You could replace this with

if (parametersValid($message, $subject, $messageID)) {

and define

function parametersValid($message, $subject, $messageID) {
    $validationHelper = new validation();

    if (!empty($message) && !$validationHelper->validateMessageTextLength($message))) {
        return false;
    }

    if (!empty($subject) && !$validationHelper->validateMessageSubjectTextLength($subject)) {
        return false;
    }

    if ($messageId && !$validationHelper->validateMessageId($messageId)) {
        return false; 
    }

    return true;
}

Then you don't need $validMessage, and you don't need to keep checking it. This function returns as soon as it knows the result is false rather than keep doing unnecessary checks.

I wrote out $validationHelper, as I find it more readable that way.

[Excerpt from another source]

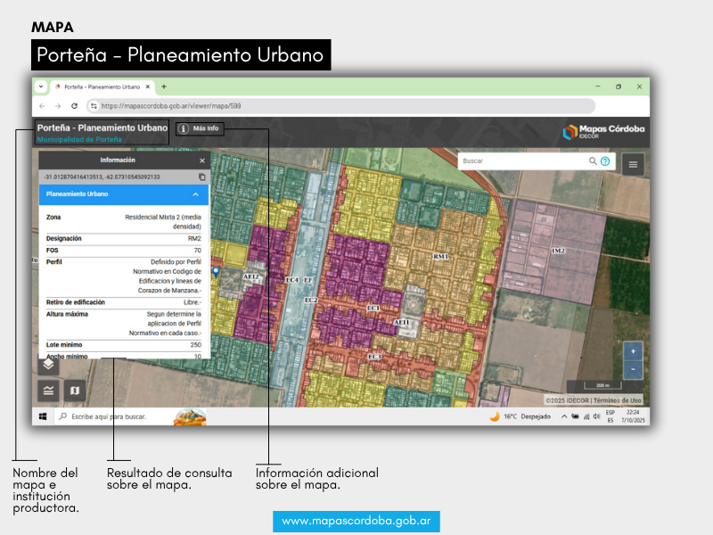 “Desde aquí preparamos y enviamos toda la información solicitada acorde a la realidad local en conocimiento, por supuesto, de la normativa vigente en Porteña y de las obras ejecutadas” comenta la funcionaria. Con dichos insumos, IDECOR desarrolló y puso en línea los mapas en formatos interoperables.

Added more whitespace for the same reason.

We could unify the last if and the final return, but I find it more readable when separate in this case.

    return !$messageId || $validationHelper->validateMessageId($messageId);

You mention the idea of optimizing the code, but you are missing important context. What makes this code suboptimal? What do you do if the message is valid? Invalid? What does the validation do? As is, this is the only optimization that I see, and it's not much of one.

share|improve this answer
    
as i mention, in a scenario where $message fails in validation then the rest of the if(!empty) statements become an extra overhead. this is the reason which makes my code suboptimal. – user27 Oct 5 at 18:30
    
i can use your solution but what if i need to give a proper error message (such as "message subject length exceed" ) rather than giving a common message? Also considering your function parametersValid(), i need to know that is it a good practice to have multiple exit points inside a function? – user27 Oct 5 at 18:48

I am very concerned about all the mangling that you are doing with addslashes(trim(strip_tags(…))) and addslashes(htmlentities(…)). It's almost certainly wrong, but I can't tell you what would be right without knowing exactly how those variables get used.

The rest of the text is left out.